12. There is no comparison with other related studies, and the innovative aspects and contributions of this study are not highlighted.

13. The discussion on the specific application scenarios and potential challenges of using statins in treating psoriasis is not detailed enough.

14. The discussion on the study's limitations is not comprehensive, such as the small sample size and the regional limitations of the included studies.

Author Response

Dear Reviewer 4,

Thank you for your invaluable comments and insightful feedback.

Introduction

1. The introduction of statins is not detailed enough, especially regarding their application in other immune-mediated diseases.

2. The relationship between psoriasis and cardiovascular diseases is not discussed, nor is the dual role of statins in managing these conditions.

Response: The manuscript was revised accordingly, please see Page 2 Line 90-100 &  Page 3 Line 101-104

 Methods

3. The search terms and logical combinations are not specific enough.

Response: Revised; please see Page 3; Database Searching

4. The standards for diagnosing psoriasis and the characteristics of patients are not described in detail.

Response: Revised, please see Page 3;  Inclusion and Exclusion Criteria

5. The data extraction section lacks an explanation of how incomplete data and inconsistencies between studies were handled.

Response: Revised, please see Page 4; Study Selection and Data Extraction

6. The bias risk assessment section does not provide detailed results and processes.

Response: Revised, please see Page 4 & 5; Risk of Bias Assessment

Results

7. There is a lack of in-depth analysis and discussion on the causes and impacts of heterogeneity.

Response: Revised; please see Page 11, Line 278 to 281, Page 12 Line 298 to 300, Page 14 Line 363 to 369.

8. Subgroup analysis is missing for different types and doses of statins.

9. The process and results of the sensitivity analysis are not detailed enough.

Response: Please see P11 & 12 

10. The explanations accompanying the figures and tables are insufficient.

Response: Revised

11. It is recommended to improve the image quality and clarity of Figures 3 to 6.

Response: Thank you for your constructive advice, however, this is the highest resolution available at the moment.

Discussion

12. There is no comparison with other related studies, and the innovative aspects and contributions of this study are not highlighted.

Response: Please see Page 13, second paragraph & implications.

13. The discussion on the specific application scenarios and potential challenges of using statins in treating psoriasis is not detailed enough.

Response: Revised, please see Page 14 Implications.

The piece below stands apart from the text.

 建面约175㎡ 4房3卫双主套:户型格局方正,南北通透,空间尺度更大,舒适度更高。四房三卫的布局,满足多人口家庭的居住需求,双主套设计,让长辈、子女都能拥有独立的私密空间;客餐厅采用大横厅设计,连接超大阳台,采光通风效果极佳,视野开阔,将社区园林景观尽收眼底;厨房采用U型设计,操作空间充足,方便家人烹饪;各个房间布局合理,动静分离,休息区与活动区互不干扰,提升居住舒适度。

14. The discussion on the study's limitations is not comprehensive, such as the small sample size and the regional limitations of the included studies.

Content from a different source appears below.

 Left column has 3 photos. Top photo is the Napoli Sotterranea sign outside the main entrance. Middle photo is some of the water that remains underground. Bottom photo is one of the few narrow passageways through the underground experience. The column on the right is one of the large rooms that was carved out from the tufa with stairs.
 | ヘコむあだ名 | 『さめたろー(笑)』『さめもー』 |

Response: Revised, details regarding the limitations were addressed for future studies, please see Page 14; Recommendations.

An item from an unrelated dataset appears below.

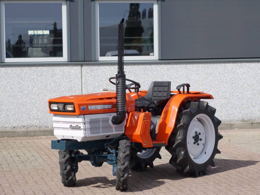 Deze B1600 serie van Kubota heeft een aantal grote pluspunten, te weten; Krachtige 19 Pk 3 cilinder dieselmotor, Grote wielen voor een grote tractie en toch maar 110cm smal!! In combinatie met de superkruipversnelling een ideale trekker om te spitten, frezen, planten, etc. Externe hydraulische aansluitingen (dubbelwerkend hydraulisch ventiel met twee aansluitingen), Een hele lijst van zaken welke deze trekker maken tot een allround inzetbare compacttrekker. Degelijke bouw, hef, aftakas aan de achterzijde. Slechts 842 draaiuren. Voorzien van servicebeurt.

If any further concerns or needed revisions please let us know, thank you.

Round 2

Reviewer 2 Report

Comments and Suggestions for Authors

Thank you for providing the requested changes. From my point of view, no further modifications are required.

 

Author Response

Thank you, I really appreciate your time and effort in reviewing my work.

Reviewer 4 Report

Comments and Suggestions for Authors

The authors responded to almost all my concerns, and the quality of the revised manuscript has been greatly improved.

Author Response

Thank you, I really appreciate your time and effort in reviewing my work.